— DATA BELOW —

+ + + +

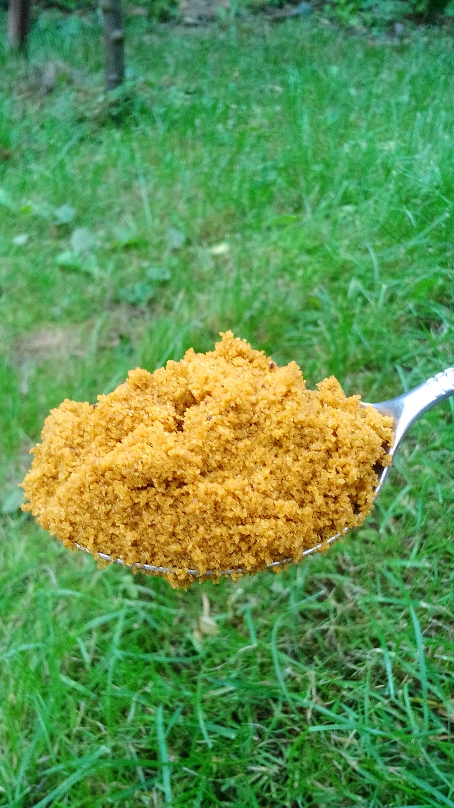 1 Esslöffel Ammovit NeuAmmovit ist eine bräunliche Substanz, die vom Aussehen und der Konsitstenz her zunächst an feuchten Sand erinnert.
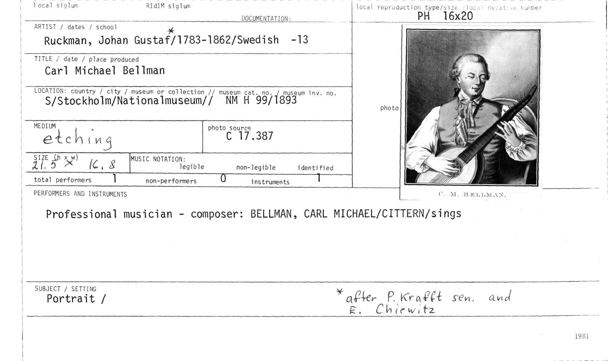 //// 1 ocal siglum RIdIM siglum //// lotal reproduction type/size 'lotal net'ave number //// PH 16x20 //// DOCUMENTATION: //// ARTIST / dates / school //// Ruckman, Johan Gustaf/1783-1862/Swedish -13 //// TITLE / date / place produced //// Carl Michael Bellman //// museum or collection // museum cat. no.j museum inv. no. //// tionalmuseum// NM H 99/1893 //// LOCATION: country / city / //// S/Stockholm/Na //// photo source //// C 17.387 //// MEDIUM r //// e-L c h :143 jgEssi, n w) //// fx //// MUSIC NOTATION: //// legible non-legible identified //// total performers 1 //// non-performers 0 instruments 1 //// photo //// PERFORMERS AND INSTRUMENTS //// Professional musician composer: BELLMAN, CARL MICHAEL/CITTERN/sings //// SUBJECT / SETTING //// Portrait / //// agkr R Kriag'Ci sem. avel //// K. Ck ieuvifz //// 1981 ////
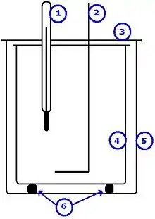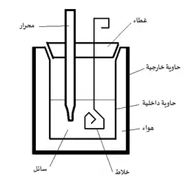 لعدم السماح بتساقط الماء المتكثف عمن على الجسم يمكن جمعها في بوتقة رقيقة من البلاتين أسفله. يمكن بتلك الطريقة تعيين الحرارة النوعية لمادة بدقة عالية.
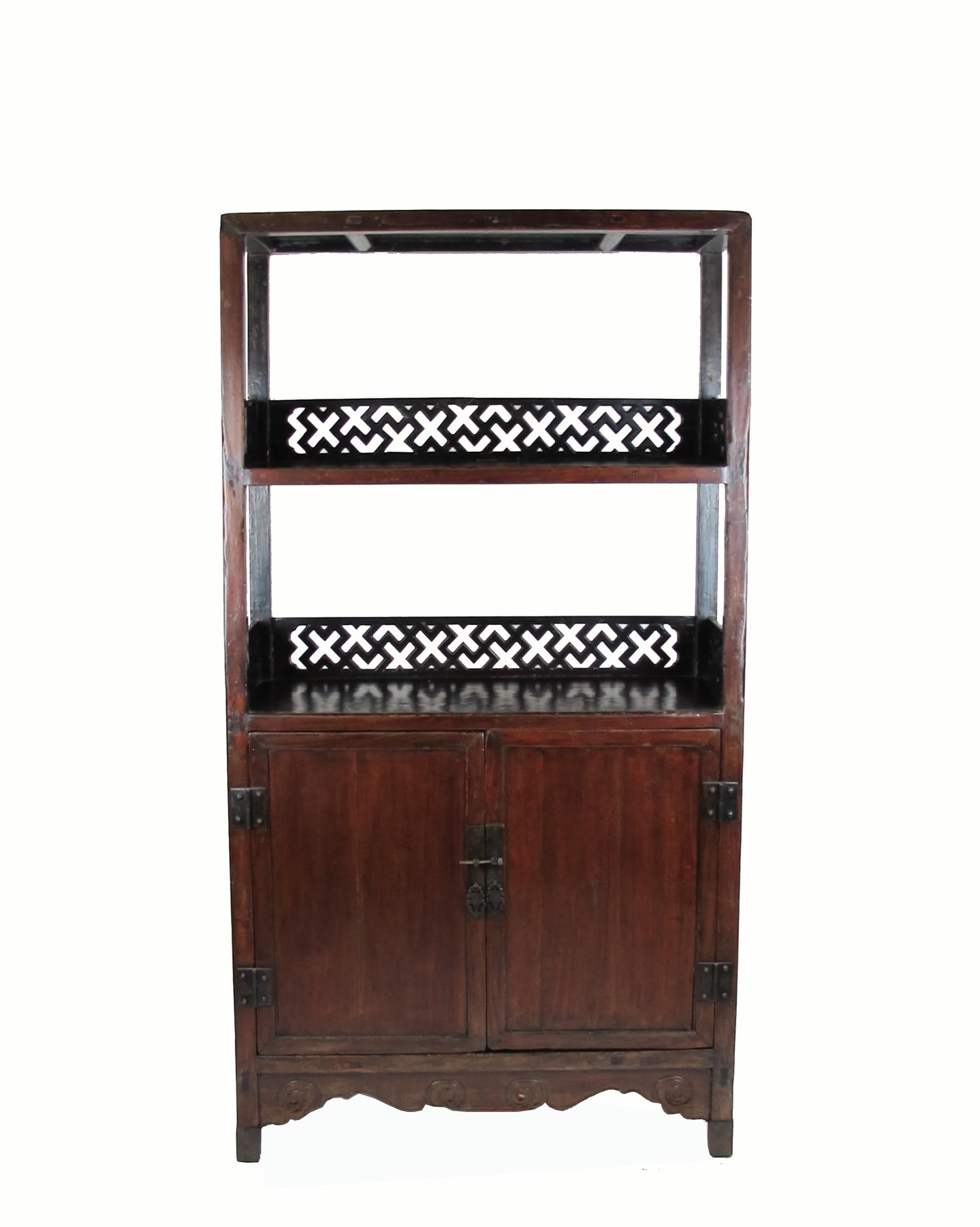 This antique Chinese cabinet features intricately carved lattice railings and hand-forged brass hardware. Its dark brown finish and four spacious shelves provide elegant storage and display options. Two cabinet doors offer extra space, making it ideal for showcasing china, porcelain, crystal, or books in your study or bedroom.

+ + + +

— TASK ITEM —
All of the lines above must be repeated without alteration, though the pictures are to be excluded.

— SOLUTION FOR THIS EXERCISE —
 1 Esslöffel Ammovit NeuAmmovit ist eine bräunliche Substanz, die vom Aussehen und der Konsitstenz her zunächst an feuchten Sand erinnert.
 //// 1 ocal siglum RIdIM siglum //// lotal reproduction type/size 'lotal net'ave number //// PH 16x20 //// DOCUMENTATION: //// ARTIST / dates / school //// Ruckman, Johan Gustaf/1783-1862/Swedish -13 //// TITLE / date / place produced //// Carl Michael Bellman //// museum or collection // museum cat. no.j museum inv. no. //// tionalmuseum// NM H 99/1893 //// LOCATION: country / city / //// S/Stockholm/Na //// photo source //// C 17.387 //// MEDIUM r //// e-L c h :143 jgEssi, n w) //// fx //// MUSIC NOTATION: //// legible non-legible identified //// total performers 1 //// non-performers 0 instruments 1 //// photo //// PERFORMERS AND INSTRUMENTS //// Professional musician composer: BELLMAN, CARL MICHAEL/CITTERN/sings //// SUBJECT / SETTING //// Portrait / //// agkr R Kriag'Ci sem. avel //// K. Ck ieuvifz //// 1981 ////
 لعدم السماح بتساقط الماء المتكثف عمن على الجسم يمكن جمعها في بوتقة رقيقة من البلاتين أسفله. يمكن بتلك الطريقة تعيين الحرارة النوعية لمادة بدقة عالية.
 This antique Chinese cabinet features intricately carved lattice railings and hand-forged brass hardware. Its dark brown finish and four spacious shelves provide elegant storage and display options. Two cabinet doors offer extra space, making it ideal for showcasing china, porcelain, crystal, or books in your study or bedroom.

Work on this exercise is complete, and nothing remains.